Given the records below, the lines starting at the line with "- 종이증명서, 전자증명서, 접종스티커에 대한 상세 비교·안내" and ending at the line with "Nasmedia menawarkan beberapa" should be output exactly, both end lines kept and pictures left out.

PROVIDED MATERIAL =>
---*---
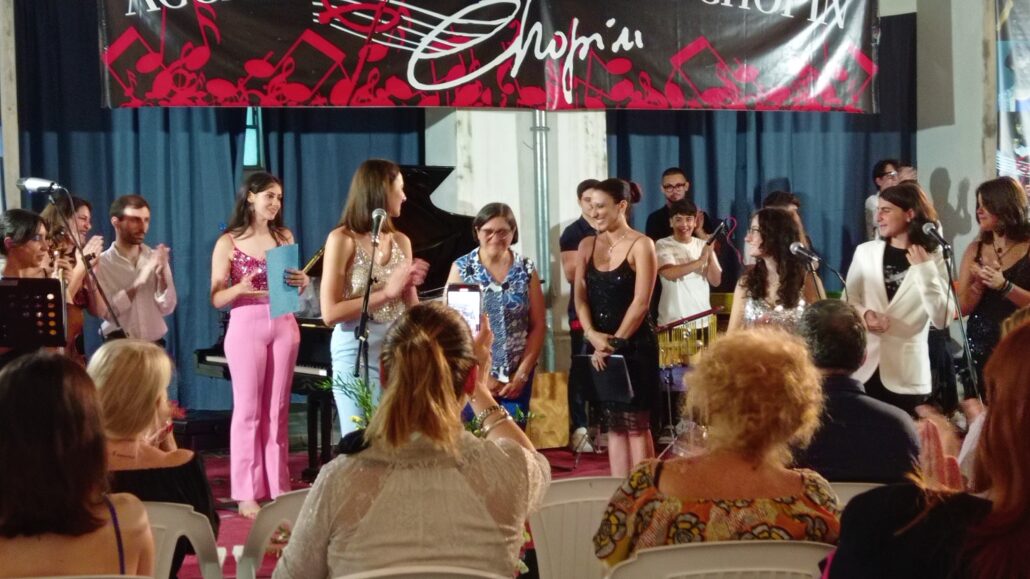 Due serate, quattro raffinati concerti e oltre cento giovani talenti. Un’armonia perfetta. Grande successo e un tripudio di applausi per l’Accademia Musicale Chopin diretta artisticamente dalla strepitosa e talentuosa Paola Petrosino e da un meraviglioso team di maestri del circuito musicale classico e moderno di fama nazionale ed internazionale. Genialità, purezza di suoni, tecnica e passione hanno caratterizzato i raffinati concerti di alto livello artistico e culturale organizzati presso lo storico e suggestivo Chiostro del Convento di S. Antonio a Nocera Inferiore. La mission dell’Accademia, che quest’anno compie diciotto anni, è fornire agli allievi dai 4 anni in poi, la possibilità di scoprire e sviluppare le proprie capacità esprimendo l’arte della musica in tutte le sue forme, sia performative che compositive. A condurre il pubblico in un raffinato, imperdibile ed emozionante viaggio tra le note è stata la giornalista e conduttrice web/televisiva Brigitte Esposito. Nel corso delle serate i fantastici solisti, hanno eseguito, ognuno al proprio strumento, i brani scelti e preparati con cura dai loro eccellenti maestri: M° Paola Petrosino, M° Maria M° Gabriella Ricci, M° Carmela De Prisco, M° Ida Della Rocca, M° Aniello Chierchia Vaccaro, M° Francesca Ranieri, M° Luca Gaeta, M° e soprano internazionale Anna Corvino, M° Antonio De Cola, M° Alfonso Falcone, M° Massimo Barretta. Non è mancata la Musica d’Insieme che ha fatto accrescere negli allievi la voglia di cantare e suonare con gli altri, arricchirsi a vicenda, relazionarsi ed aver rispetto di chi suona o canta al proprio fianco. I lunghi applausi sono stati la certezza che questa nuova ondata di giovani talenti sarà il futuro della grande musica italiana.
---*---
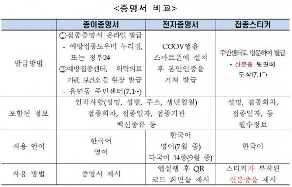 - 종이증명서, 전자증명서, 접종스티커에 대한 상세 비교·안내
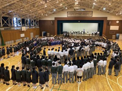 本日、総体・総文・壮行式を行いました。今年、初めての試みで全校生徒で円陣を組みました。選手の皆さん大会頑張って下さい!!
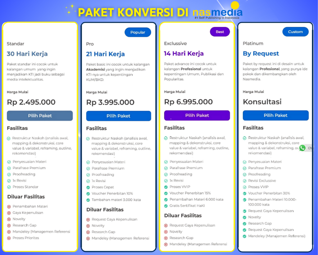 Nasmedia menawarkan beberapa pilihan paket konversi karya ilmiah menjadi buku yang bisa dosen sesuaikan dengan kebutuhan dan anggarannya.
---*---
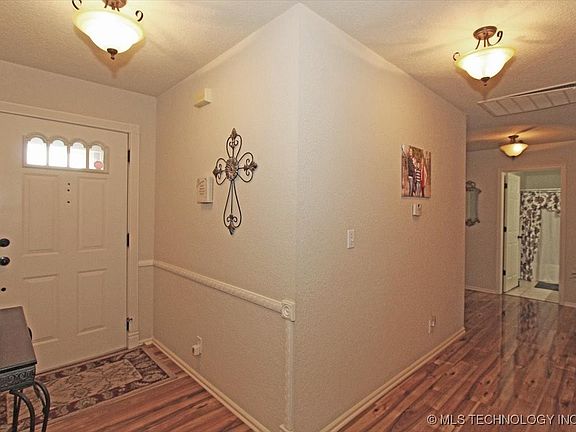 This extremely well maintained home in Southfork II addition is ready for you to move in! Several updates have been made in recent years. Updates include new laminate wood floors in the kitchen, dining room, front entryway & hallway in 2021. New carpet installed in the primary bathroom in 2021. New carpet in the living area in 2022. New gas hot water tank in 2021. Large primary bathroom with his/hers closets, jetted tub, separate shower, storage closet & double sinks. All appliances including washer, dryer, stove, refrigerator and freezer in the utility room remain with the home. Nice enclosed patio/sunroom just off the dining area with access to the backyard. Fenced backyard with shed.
---*---
RESPONSE FOR THIS EXERCISE =>
 - 종이증명서, 전자증명서, 접종스티커에 대한 상세 비교·안내
 本日、総体・総文・壮行式を行いました。今年、初めての試みで全校生徒で円陣を組みました。選手の皆さん大会頑張って下さい!!
 Nasmedia menawarkan beberapa pilihan paket konversi karya ilmiah menjadi buku yang bisa dosen sesuaikan dengan kebutuhan dan anggarannya.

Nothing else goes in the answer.